Склонился инок в поклоне и тенью скользнул мимо мозаичных стен — хромота уже не мешала тому, кому был открыт смысл.

26 мая 1453 года

Так вот и ныне, в последние времена, по грехам нашим, — то из-за нашествия неверных, то из-за голода и болезней, то в междоусобных распрях, — утратили могущество свое сильные, и обнищал народ, и в уничижение впал город, и ослабел безмерно, и стал точно шалаш в саду и словно амбар посреди цветника. Узнав обо всем этом, властвовавший тогда турками безбожный Магомет, Амуратов сын, который жил в мире и согласии с цесарем Константином, поспешно собрал множество воинов на суше и на море и, неожиданно приступив к городу, окружил его большими силами.

— Утро доброе, сестра Мария.

— Доброе, сестра София. Только не такое уж оно и доброе…

— Что-то встревожило тебя, сестра?

— Неспокойно было ночью, я глаз не сомкнула. И слышала все время — турки били в свои барабаны…
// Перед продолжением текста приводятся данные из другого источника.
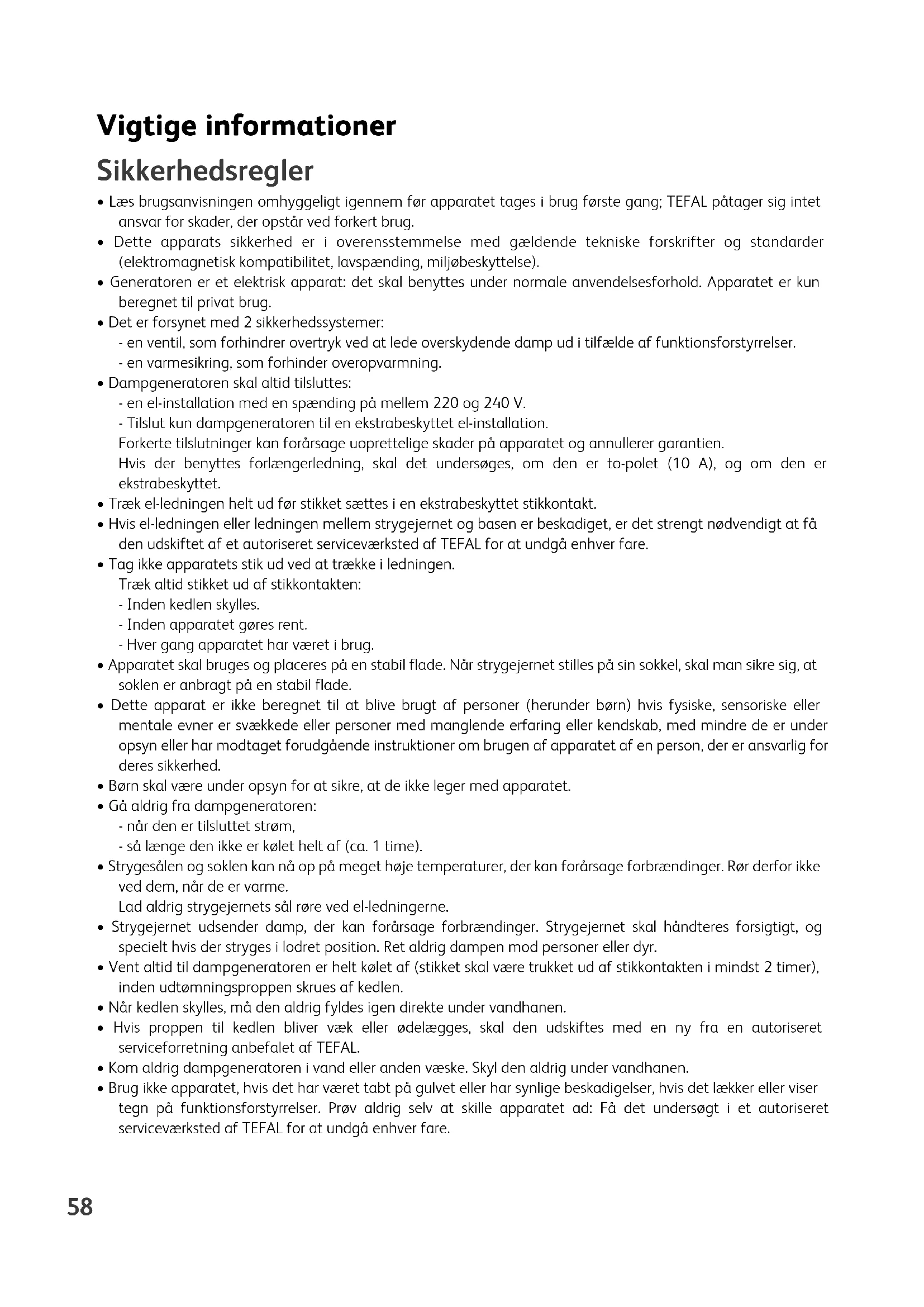 - Læs brugsanvisningen omhyggeligt igennem før apparatet tages i brug første gang; TEFAL påtager sig intet ansvar for skader, der opstår ved forkert brug.

— Я тоже слышал, сестра! Их неисчислимое множество! Мне слышны были даже говор чужой и ржание лошадиное! Прихожане слезами заливаются — жечь и убивать идут поганые. Вроде потребовал султан сдачи Города и посулил свободный выход из него жителям, но базилевс отказался…

— И что же, брат Георгий? Ты полагаешь, ошибся базилевс?

— Разве базилевсы ошибаются, возлюбленная сестра? Только чует мое сердце… Говорят еще, что турки взяли приступом две крепостицы в предместьях — Ферапию и Студиос — и всех пленных оттуда вздели на колья прямо пред стенами городскими…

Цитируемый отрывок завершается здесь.